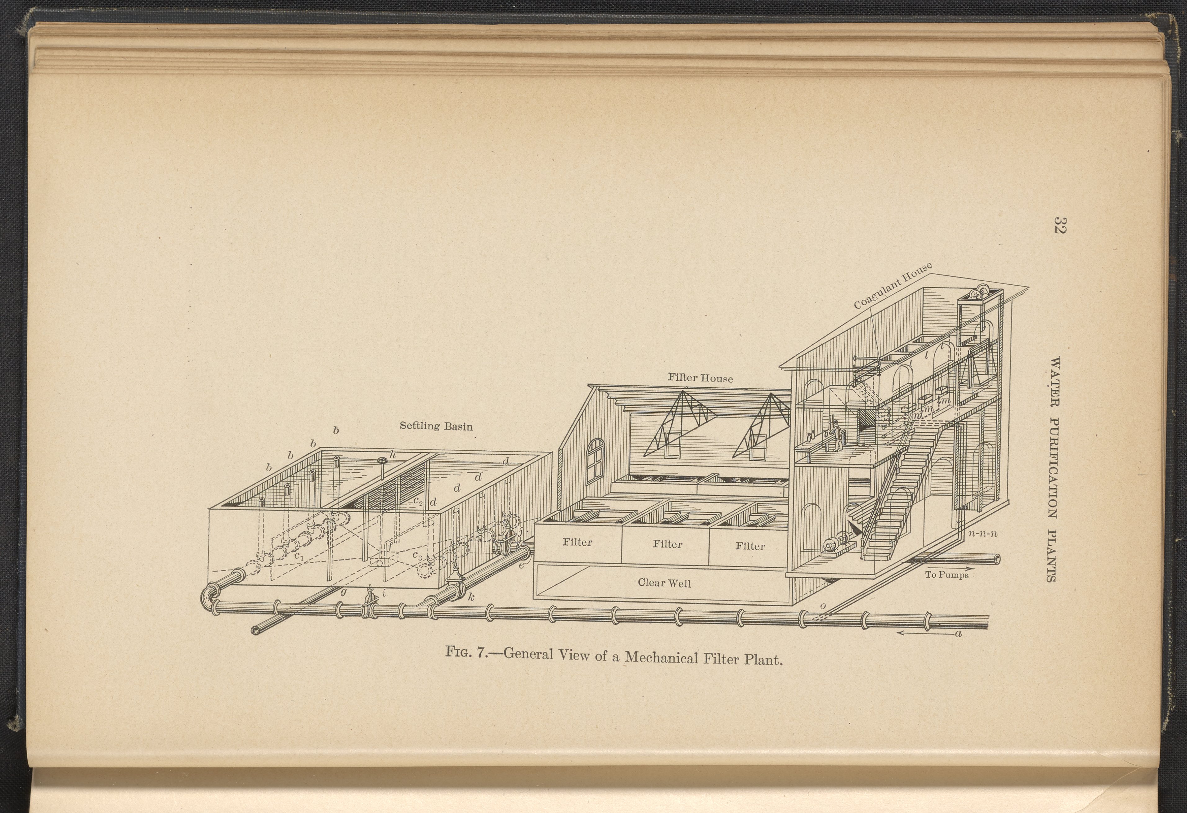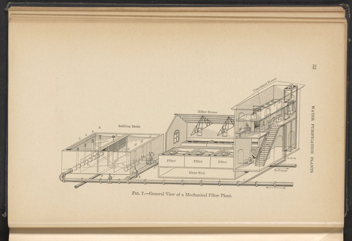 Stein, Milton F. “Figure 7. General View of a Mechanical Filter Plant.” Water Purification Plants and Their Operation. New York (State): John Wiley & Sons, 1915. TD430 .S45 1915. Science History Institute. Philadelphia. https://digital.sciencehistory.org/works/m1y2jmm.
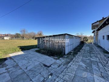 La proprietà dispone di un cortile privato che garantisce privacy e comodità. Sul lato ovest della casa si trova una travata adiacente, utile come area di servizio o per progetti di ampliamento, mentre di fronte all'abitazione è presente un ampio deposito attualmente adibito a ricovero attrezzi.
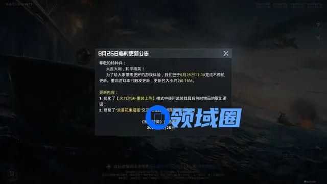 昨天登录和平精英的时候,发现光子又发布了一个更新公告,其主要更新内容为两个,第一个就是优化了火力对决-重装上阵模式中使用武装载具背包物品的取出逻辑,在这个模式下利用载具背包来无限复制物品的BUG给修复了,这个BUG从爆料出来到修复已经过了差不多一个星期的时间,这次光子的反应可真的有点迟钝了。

DESCRIPTION OF THE TASK> Set the listing down exactly, without its pictures.

EXERCISE RESULT>
 Stein, Milton F. “Figure 7. General View of a Mechanical Filter Plant.” Water Purification Plants and Their Operation. New York (State): John Wiley & Sons, 1915. TD430 .S45 1915. Science History Institute. Philadelphia. https://digital.sciencehistory.org/works/m1y2jmm.
 La proprietà dispone di un cortile privato che garantisce privacy e comodità. Sul lato ovest della casa si trova una travata adiacente, utile come area di servizio o per progetti di ampliamento, mentre di fronte all'abitazione è presente un ampio deposito attualmente adibito a ricovero attrezzi.
 昨天登录和平精英的时候,发现光子又发布了一个更新公告,其主要更新内容为两个,第一个就是优化了火力对决-重装上阵模式中使用武装载具背包物品的取出逻辑,在这个模式下利用载具背包来无限复制物品的BUG给修复了,这个BUG从爆料出来到修复已经过了差不多一个星期的时间,这次光子的反应可真的有点迟钝了。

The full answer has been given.